Only the lines of the data below from the one with "Foto 4: Corrosie" through the one with "県管理調節池を活用した太陽光" are wanted. Repeat them exactly.

# Data section

+-------+

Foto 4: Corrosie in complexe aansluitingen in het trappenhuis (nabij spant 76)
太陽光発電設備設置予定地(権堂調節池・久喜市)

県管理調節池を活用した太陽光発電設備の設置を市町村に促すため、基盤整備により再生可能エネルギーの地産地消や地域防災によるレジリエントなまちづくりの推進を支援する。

+-------+

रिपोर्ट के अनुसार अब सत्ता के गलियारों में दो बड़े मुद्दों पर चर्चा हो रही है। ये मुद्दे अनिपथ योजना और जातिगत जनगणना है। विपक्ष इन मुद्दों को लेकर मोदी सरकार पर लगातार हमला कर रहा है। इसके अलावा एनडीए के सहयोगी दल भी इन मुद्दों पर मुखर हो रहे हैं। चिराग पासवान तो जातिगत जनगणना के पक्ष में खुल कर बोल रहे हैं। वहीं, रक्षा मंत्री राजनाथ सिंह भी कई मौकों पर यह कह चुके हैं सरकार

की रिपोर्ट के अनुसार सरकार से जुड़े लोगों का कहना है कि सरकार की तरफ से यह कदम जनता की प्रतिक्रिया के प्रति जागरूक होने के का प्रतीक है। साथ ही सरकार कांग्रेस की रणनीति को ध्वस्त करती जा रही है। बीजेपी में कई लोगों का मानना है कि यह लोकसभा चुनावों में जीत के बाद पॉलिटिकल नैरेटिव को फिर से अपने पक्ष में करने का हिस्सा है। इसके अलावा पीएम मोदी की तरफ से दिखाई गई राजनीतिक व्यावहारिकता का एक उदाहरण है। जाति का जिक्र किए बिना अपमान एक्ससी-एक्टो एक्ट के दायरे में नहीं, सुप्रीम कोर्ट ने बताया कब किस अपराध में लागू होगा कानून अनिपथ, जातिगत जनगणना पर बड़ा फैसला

+-------+

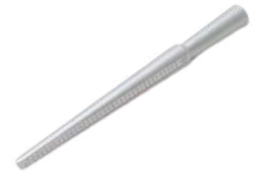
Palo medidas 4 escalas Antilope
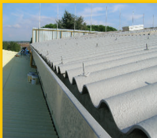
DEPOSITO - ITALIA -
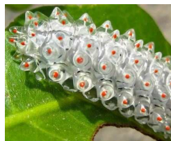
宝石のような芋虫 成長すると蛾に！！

+-------+

# Solution for this problem
Foto 4: Corrosie in complexe aansluitingen in het trappenhuis (nabij spant 76)
太陽光発電設備設置予定地(権堂調節池・久喜市)

県管理調節池を活用した太陽光発電設備の設置を市町村に促すため、基盤整備により再生可能エネルギーの地産地消や地域防災によるレジリエントなまちづくりの推進を支援する。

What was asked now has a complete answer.